Si les marchés d’actions bénéficient de la relative reprise mondiale, les marchés obligataires eux sont plutôt mal en point. Les nouvelles concernant la dette publique ne sont pas engageantes : mi-juin, le taux à 10 ans de l’Espagne a atteint un record à la hausse depuis la création de la zone euro à plus de 7 %. Une hausse qui est la conséquence de la dégradation de la note du pays par l’agence de notation Moody’s. Cette situation inquiète les marchés, car le seuil de 7 % est celui à partir duquel la Grèce, l’Irlande et le Portugal sont entrés dans le rouge. L’Italie est également dans le collimateur des opérateurs : les taux à échéances longues des émissions mi-juin ont dépassé les 6 %, mais Rome a réussi à lever les 4,5 milliards d’euros qu’elle espérait. Cette hausse des taux creuse l’écart avec l’Allemagne, dont le taux est une référence, et avec les pays plus solides tels que la France et le Royaume-Uni qui ont atteint des bas historiques. Et les perspectives à court terme sont incertaines. La Banque centrale européenne (BCE) n’achète plus actuellement de dette souveraine sur le marché, ce qui ferait pourtant baisser les taux. On constate également que le deuxième plan de refinancement à long terme sur trois ans (LTRO, Long Term Refinancing Operation) de la BCE, qui consiste à prêter aux banques, et les améliorations apportées au plan de sauvetage de l’euro n’ont pas empêché les écarts de rendements obligataires d’augmenter. Ces craintes se sont traduites par une vague d’achats de dettes de pays sûrs, comme lors de chaque poussée de fièvre depuis le déclenchement de la crise de la dette en mai 2010. De nombreux gérants de fonds ont même décidé de sortir de la zone euro par peur d’une mutualisation du risque et se précipitent sur les bons du Trésor américains. Si la pression sur les pays en crise venait à s’alléger, les rendements des Bunds devraient remonter. Mais à l’inverse, « le pire scénario serait que l’Allemagne ait à fournir davantage de garanties pour les autres pays de la zone euro, dans ce cas les rendements à long terme pourraient exploser à la hausse », prévient la banque suisse UBS dans sa parution “Investor’s guide” du mois de mai.

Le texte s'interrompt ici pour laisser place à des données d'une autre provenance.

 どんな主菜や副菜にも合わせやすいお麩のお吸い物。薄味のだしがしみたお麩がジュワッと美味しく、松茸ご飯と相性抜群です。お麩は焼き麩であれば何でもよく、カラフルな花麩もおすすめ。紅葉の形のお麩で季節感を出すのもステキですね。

Outre-Atlantique les perspectives sont plus stables, avec un rendement de l’obligation du Trésor à 10 ans qui fluctue autour de 1,6 %. Les perspectives encourageantes de croissance devraient pousser les rendements à moyen terme. « Nous conseillons de ne pas s’engager sur un trop long terme en fixed income, sauf si l’on est prêt à attendre la maturité de la dette », recommande Nadim Kabbara, qui dirige le département recherche de la FFA Private Bank. Antoine Salamé, d’Optimum Invest, remarque que les investisseurs se jettent sur les bons américains.   « Une fois qu’ils seront sur-achetés, il faut s’en débarrasser en prévision des hausses de taux d’intérêt », conseille-t-il. Dans les économies émergentes, la dette, en devises locales et étrangères, demeure un bon placement dans une perspective à long terme d’appréciation des devises locales, notamment en Asie. Mais il est recommandé d’analyser la santé financière des pays au cas par cas, car certains sont mal en point comme le Belize en Amérique centrale, qui menace de faire faillite. La Chine, face au ralentissement de sa croissance, envisage la baisse possible de ses taux d’intérêt. La Banque centrale a annoncé mi-juin une baisse surprise d’un quart de point de ses taux directeurs.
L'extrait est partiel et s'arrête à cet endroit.